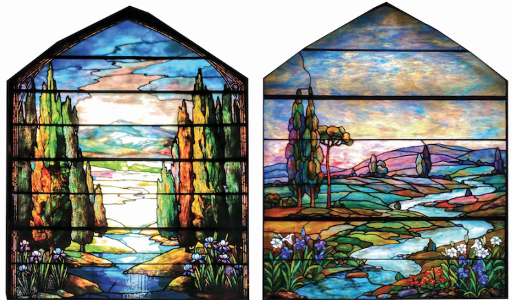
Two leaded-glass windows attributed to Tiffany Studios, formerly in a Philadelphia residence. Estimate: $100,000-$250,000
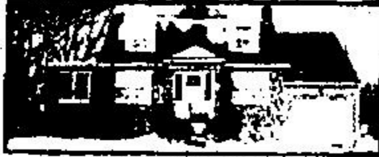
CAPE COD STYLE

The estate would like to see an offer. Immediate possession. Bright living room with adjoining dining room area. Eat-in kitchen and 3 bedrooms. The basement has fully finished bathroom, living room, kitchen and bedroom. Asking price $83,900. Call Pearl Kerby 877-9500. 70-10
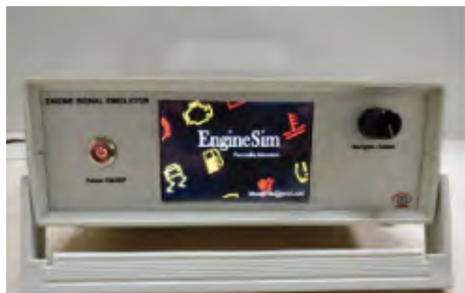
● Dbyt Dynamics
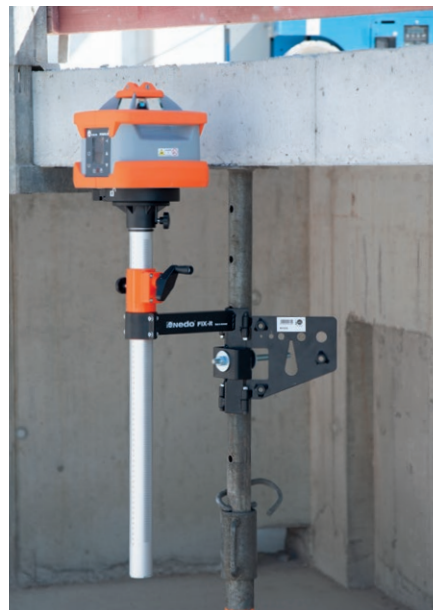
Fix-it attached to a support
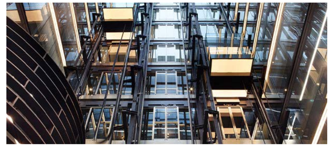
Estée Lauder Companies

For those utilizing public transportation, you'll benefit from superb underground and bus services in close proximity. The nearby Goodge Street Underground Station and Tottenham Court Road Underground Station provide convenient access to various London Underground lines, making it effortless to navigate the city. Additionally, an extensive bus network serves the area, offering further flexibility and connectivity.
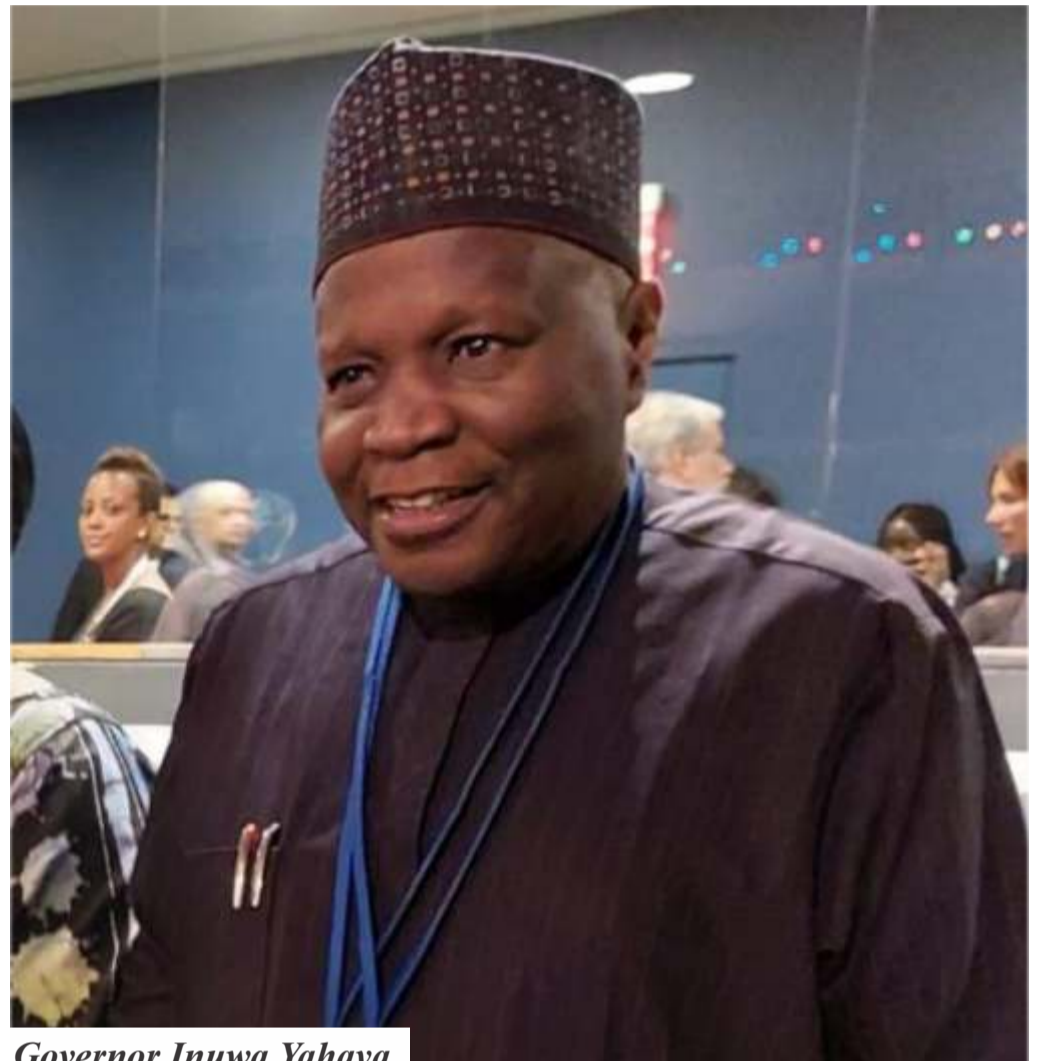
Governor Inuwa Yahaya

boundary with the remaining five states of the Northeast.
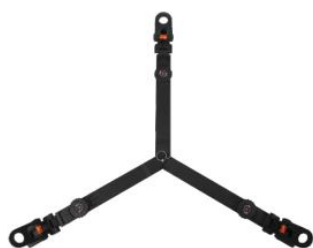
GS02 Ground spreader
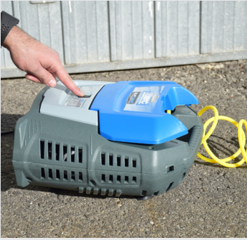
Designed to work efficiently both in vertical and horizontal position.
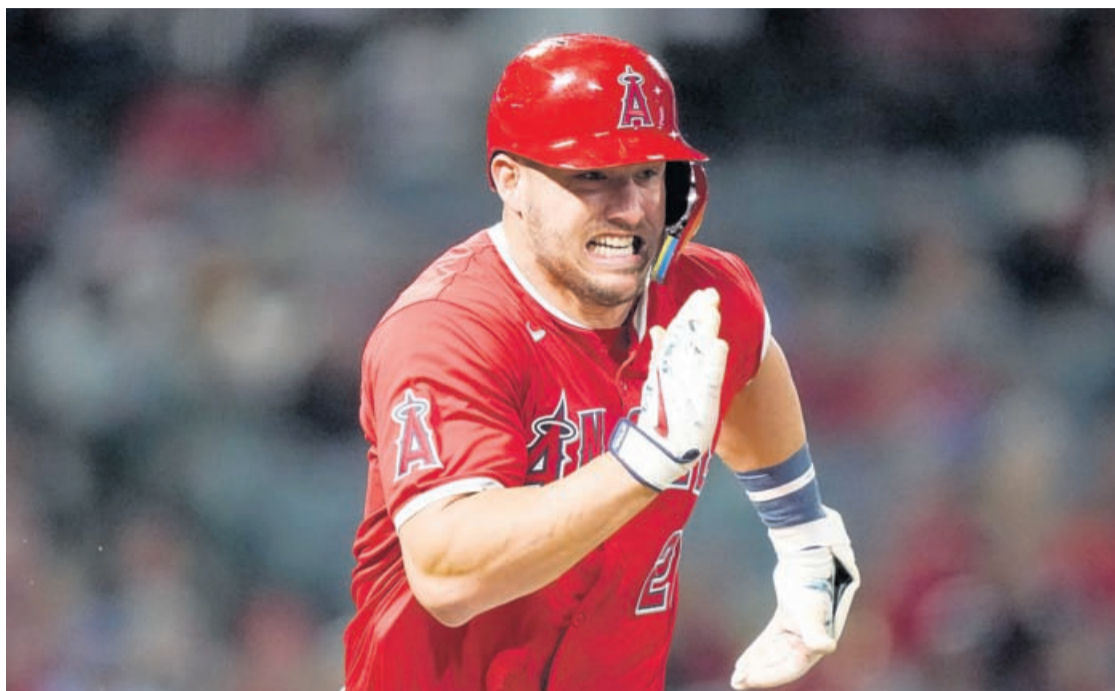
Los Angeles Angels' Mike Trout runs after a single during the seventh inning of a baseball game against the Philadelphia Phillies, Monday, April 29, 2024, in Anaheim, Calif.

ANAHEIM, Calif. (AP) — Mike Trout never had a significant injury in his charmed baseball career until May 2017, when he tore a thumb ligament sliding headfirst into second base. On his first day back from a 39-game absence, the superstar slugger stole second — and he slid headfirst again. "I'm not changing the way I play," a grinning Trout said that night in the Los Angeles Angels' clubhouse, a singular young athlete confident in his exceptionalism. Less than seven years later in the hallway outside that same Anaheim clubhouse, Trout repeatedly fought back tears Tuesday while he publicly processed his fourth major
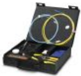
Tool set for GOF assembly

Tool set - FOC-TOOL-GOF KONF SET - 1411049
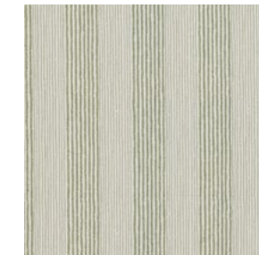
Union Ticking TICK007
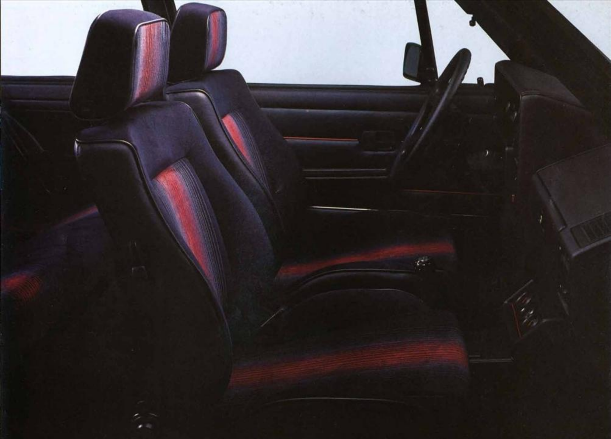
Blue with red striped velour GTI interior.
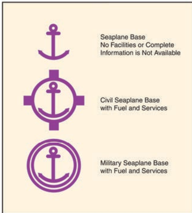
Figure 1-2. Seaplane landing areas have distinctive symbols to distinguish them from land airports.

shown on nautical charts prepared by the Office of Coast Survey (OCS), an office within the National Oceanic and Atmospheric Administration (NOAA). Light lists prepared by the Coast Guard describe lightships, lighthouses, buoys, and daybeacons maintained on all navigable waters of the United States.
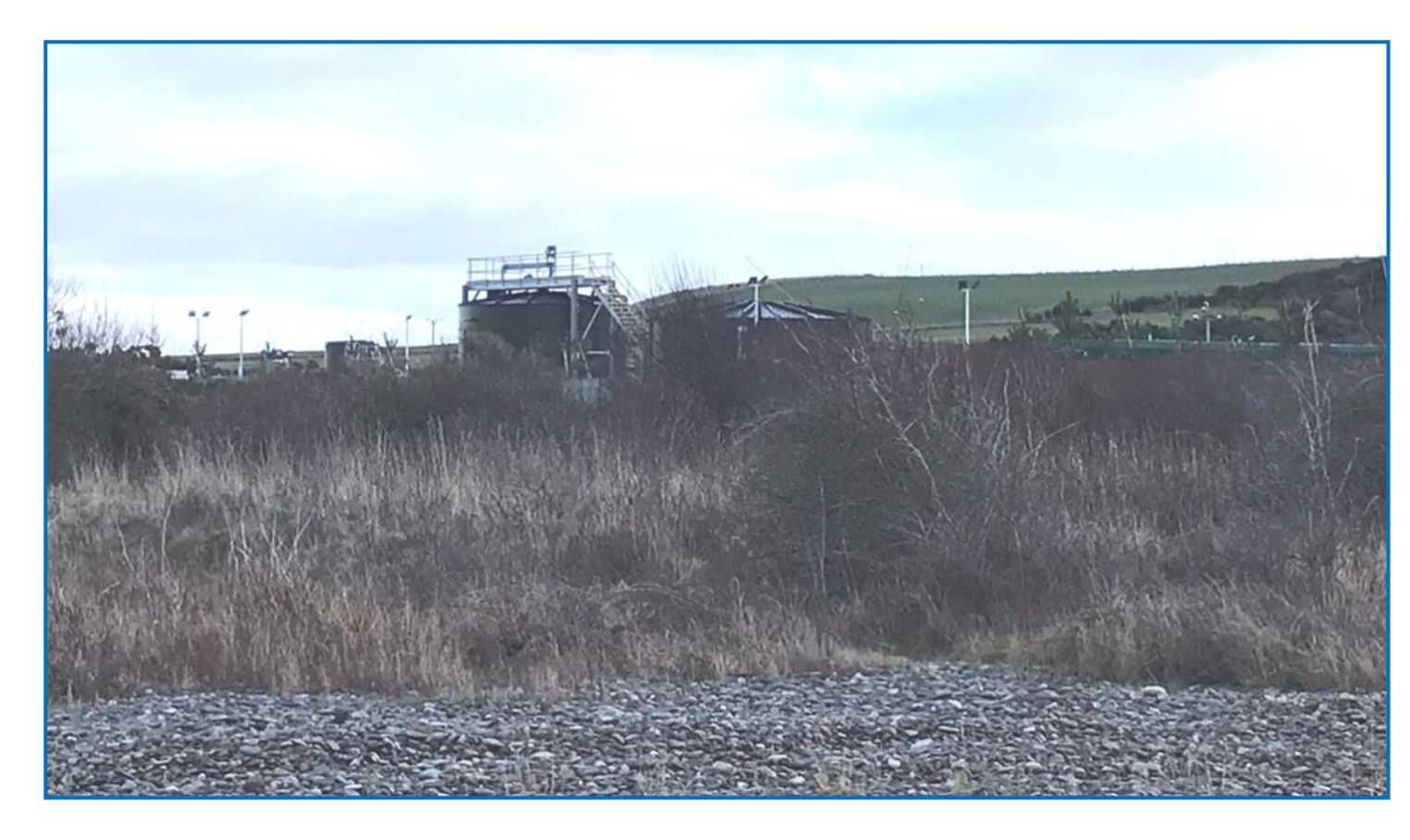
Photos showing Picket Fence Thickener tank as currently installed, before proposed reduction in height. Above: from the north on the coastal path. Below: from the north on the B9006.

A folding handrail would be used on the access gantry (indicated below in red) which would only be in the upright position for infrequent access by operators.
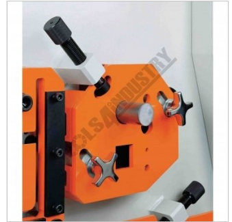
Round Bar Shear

+++

_Task objective_
Your reply must hold only the lines from the line containing "Los Angeles Angels' Mike" through the end of the records above, written out exactly, both ends included, with no pictures, please.

_Output_
Los Angeles Angels' Mike Trout runs after a single during the seventh inning of a baseball game against the Philadelphia Phillies, Monday, April 29, 2024, in Anaheim, Calif.

ANAHEIM, Calif. (AP) — Mike Trout never had a significant injury in his charmed baseball career until May 2017, when he tore a thumb ligament sliding headfirst into second base. On his first day back from a 39-game absence, the superstar slugger stole second — and he slid headfirst again. "I'm not changing the way I play," a grinning Trout said that night in the Los Angeles Angels' clubhouse, a singular young athlete confident in his exceptionalism. Less than seven years later in the hallway outside that same Anaheim clubhouse, Trout repeatedly fought back tears Tuesday while he publicly processed his fourth major
Tool set for GOF assembly

Tool set - FOC-TOOL-GOF KONF SET - 1411049
Union Ticking TICK007
Blue with red striped velour GTI interior.
Figure 1-2. Seaplane landing areas have distinctive symbols to distinguish them from land airports.

shown on nautical charts prepared by the Office of Coast Survey (OCS), an office within the National Oceanic and Atmospheric Administration (NOAA). Light lists prepared by the Coast Guard describe lightships, lighthouses, buoys, and daybeacons maintained on all navigable waters of the United States.
Photos showing Picket Fence Thickener tank as currently installed, before proposed reduction in height. Above: from the north on the coastal path. Below: from the north on the B9006.

A folding handrail would be used on the access gantry (indicated below in red) which would only be in the upright position for infrequent access by operators.
Round Bar Shear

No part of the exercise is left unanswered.